Could you transcribe each entry below exactly, minus the images?

─── Dataset entries ───

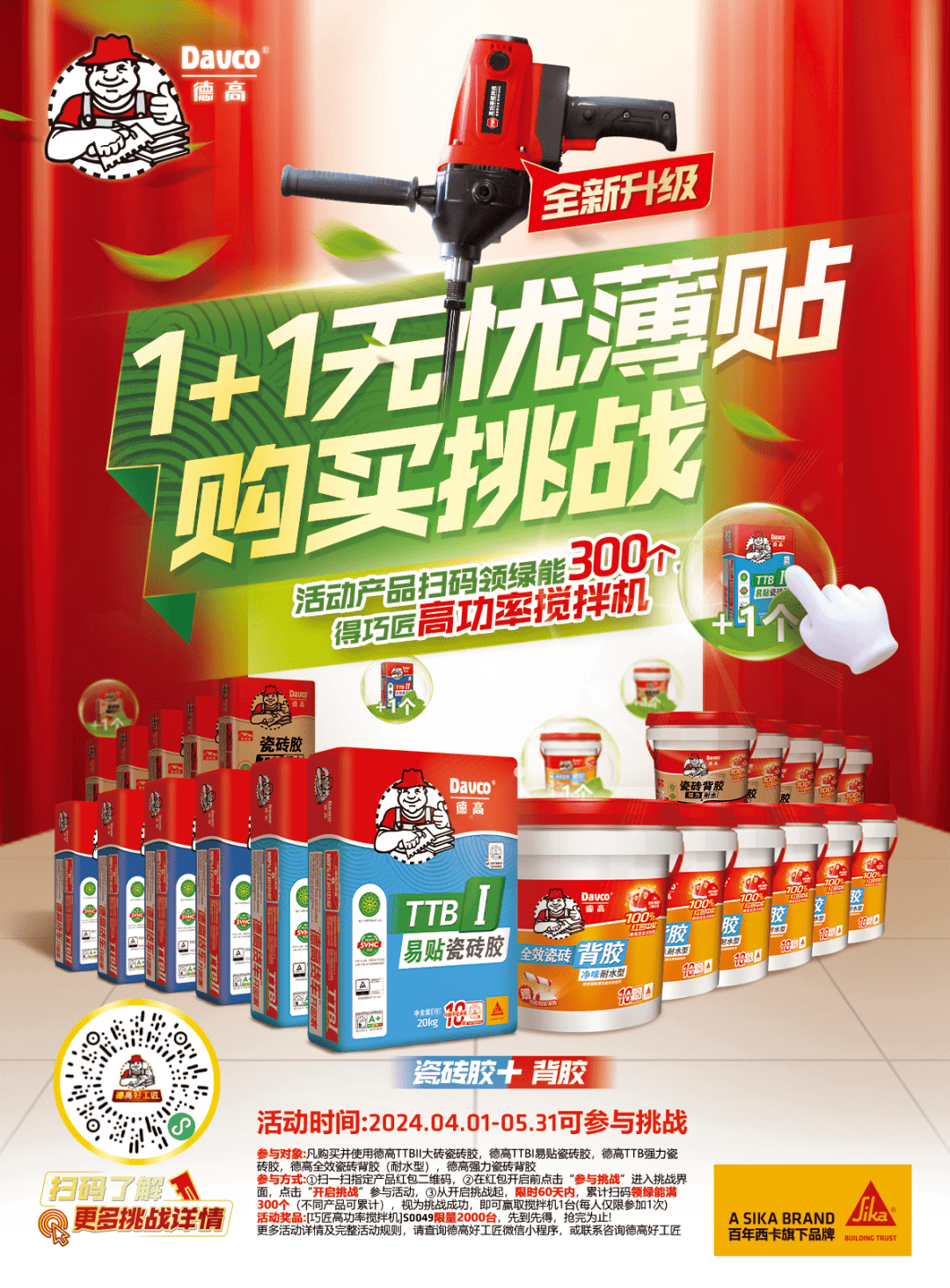 要贴砖牢固,推荐使用德高无忧薄贴贴砖体系!活动期间购买德高指定瓷砖胶+指定背胶,还可参与购买挑战,不仅包包大三元,桶桶送滚筒,还有机会赢取巧匠高功率搅拌机!隐藏福利远不止这些,快来参与!
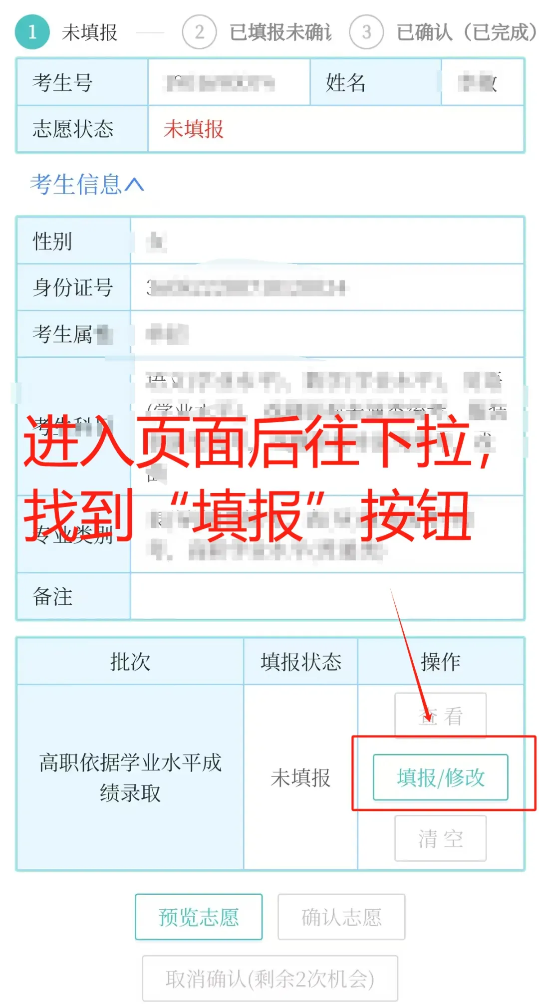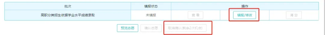 核对信息无误后,点击【填报/修改】,进入志愿填报页面。
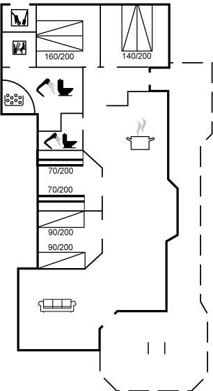 Der er i alt 4 soveværelser. Sovepladserne fordeler sig på: 4 sovepladser i dobbeltsenge. 2 sovepladser i enkeltsenge. 4 sovepladser i køjesenge. Derudover er der 1 stk. barneseng.
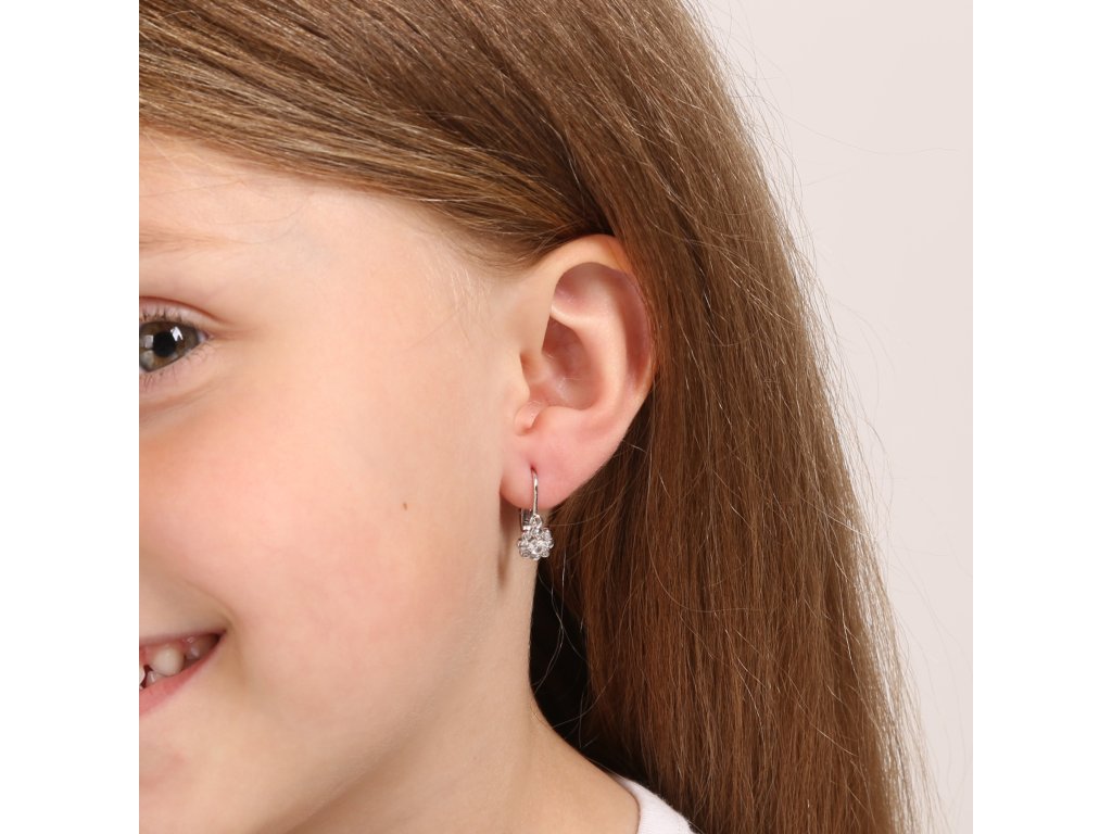 Parametry stříbrných dětských visacích náušnic se zirkonem bílá kytička 11174.1
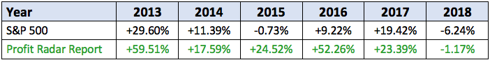 Since then, Profit Radar Report trading recommendations have outperformed the S&P 500 every year (on average, the Profit Radar Report recommends about 25 trades per year).
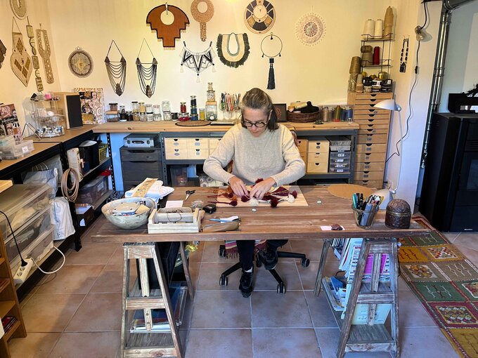 Artisanat fait main : création de décorations murales (bijoux muraux) brodées main dans mon atelier.
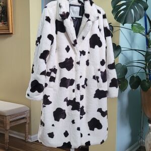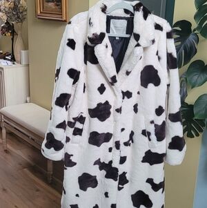 Stay warm and stylish with this chic cow prints brown and cream faux fur coat. Perfect for adding a touch of elegance to any outfit.
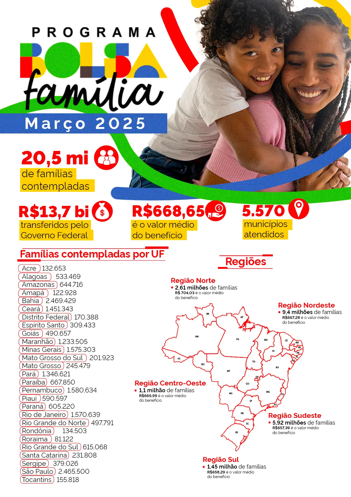 O Bolsa Família é um programa de transferência de renda do Governo Federal que oferece apoio financeiro a famílias em situação de vulnerabilidade em todo o Brasil. No Acre, o programa tem sido fundamental para amparar milhares de famílias, em março de 2025, o estado beneficia 132.653 famílias, com um investimento federal superior a R$ 94 milhões, garantindo um valor médio de R$ 716,08 para as famílias contempladas nos 22 municípios. O cronograma de pagamentos começa nesta terça-feira, 18 de março, e se estende até o dia 31, conforme o final do Número de Identificação Social (NIS).
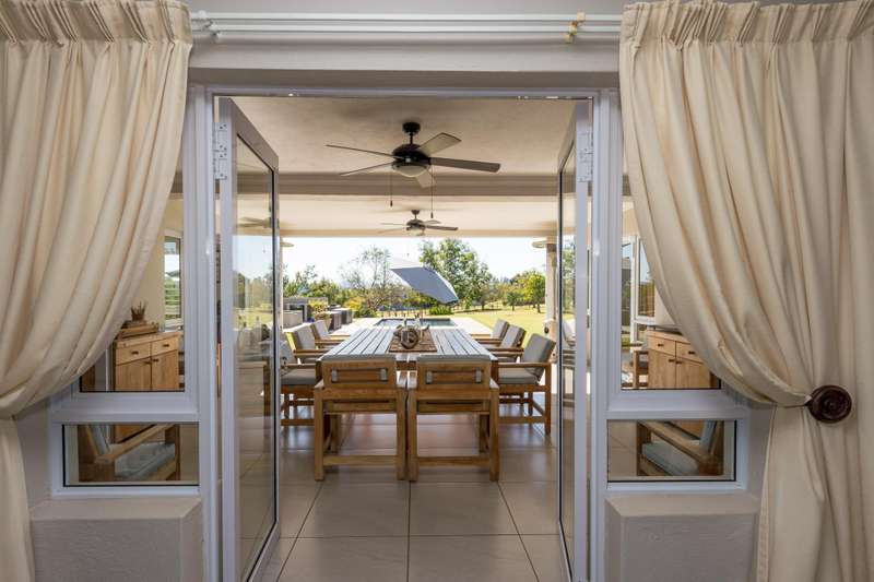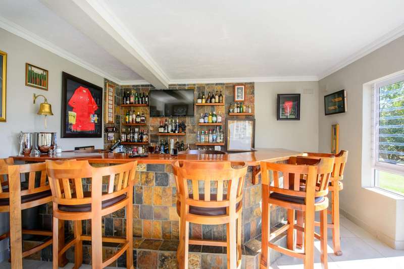 The ground floor hosts a cozy undercover patio, while the upper level boasts a generously sized covered balcony?Çöperfect for enjoying tranquil mornings or evening gatherings. Entertainment is made easy with a pub indoors, and an outdoor fire pit and braai area that overlooks the inviting swimming pool. The property includes a spacious lawn, perfect for outdoor activities and relaxation.
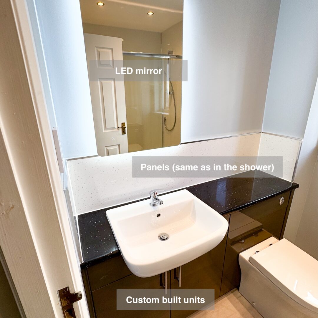 To maximise storage and keep the room looking uncluttered, we fitted custom-built units with an inset basin, plus an LED mirror for brighter, more functional lighting. A towel radiator with wall-fed pipework keeps everything looking neat and streamlined.

───

> Answer for the task
 要贴砖牢固,推荐使用德高无忧薄贴贴砖体系!活动期间购买德高指定瓷砖胶+指定背胶,还可参与购买挑战,不仅包包大三元,桶桶送滚筒,还有机会赢取巧匠高功率搅拌机!隐藏福利远不止这些,快来参与!
 核对信息无误后,点击【填报/修改】,进入志愿填报页面。
 Der er i alt 4 soveværelser. Sovepladserne fordeler sig på: 4 sovepladser i dobbeltsenge. 2 sovepladser i enkeltsenge. 4 sovepladser i køjesenge. Derudover er der 1 stk. barneseng.
 Parametry stříbrných dětských visacích náušnic se zirkonem bílá kytička 11174.1
 Since then, Profit Radar Report trading recommendations have outperformed the S&P 500 every year (on average, the Profit Radar Report recommends about 25 trades per year).
 Artisanat fait main : création de décorations murales (bijoux muraux) brodées main dans mon atelier.
 Stay warm and stylish with this chic cow prints brown and cream faux fur coat. Perfect for adding a touch of elegance to any outfit.
 O Bolsa Família é um programa de transferência de renda do Governo Federal que oferece apoio financeiro a famílias em situação de vulnerabilidade em todo o Brasil. No Acre, o programa tem sido fundamental para amparar milhares de famílias, em março de 2025, o estado beneficia 132.653 famílias, com um investimento federal superior a R$ 94 milhões, garantindo um valor médio de R$ 716,08 para as famílias contempladas nos 22 municípios. O cronograma de pagamentos começa nesta terça-feira, 18 de março, e se estende até o dia 31, conforme o final do Número de Identificação Social (NIS).
 The ground floor hosts a cozy undercover patio, while the upper level boasts a generously sized covered balcony?Çöperfect for enjoying tranquil mornings or evening gatherings. Entertainment is made easy with a pub indoors, and an outdoor fire pit and braai area that overlooks the inviting swimming pool. The property includes a spacious lawn, perfect for outdoor activities and relaxation.
 To maximise storage and keep the room looking uncluttered, we fitted custom-built units with an inset basin, plus an LED mirror for brighter, more functional lighting. A towel radiator with wall-fed pipework keeps everything looking neat and streamlined.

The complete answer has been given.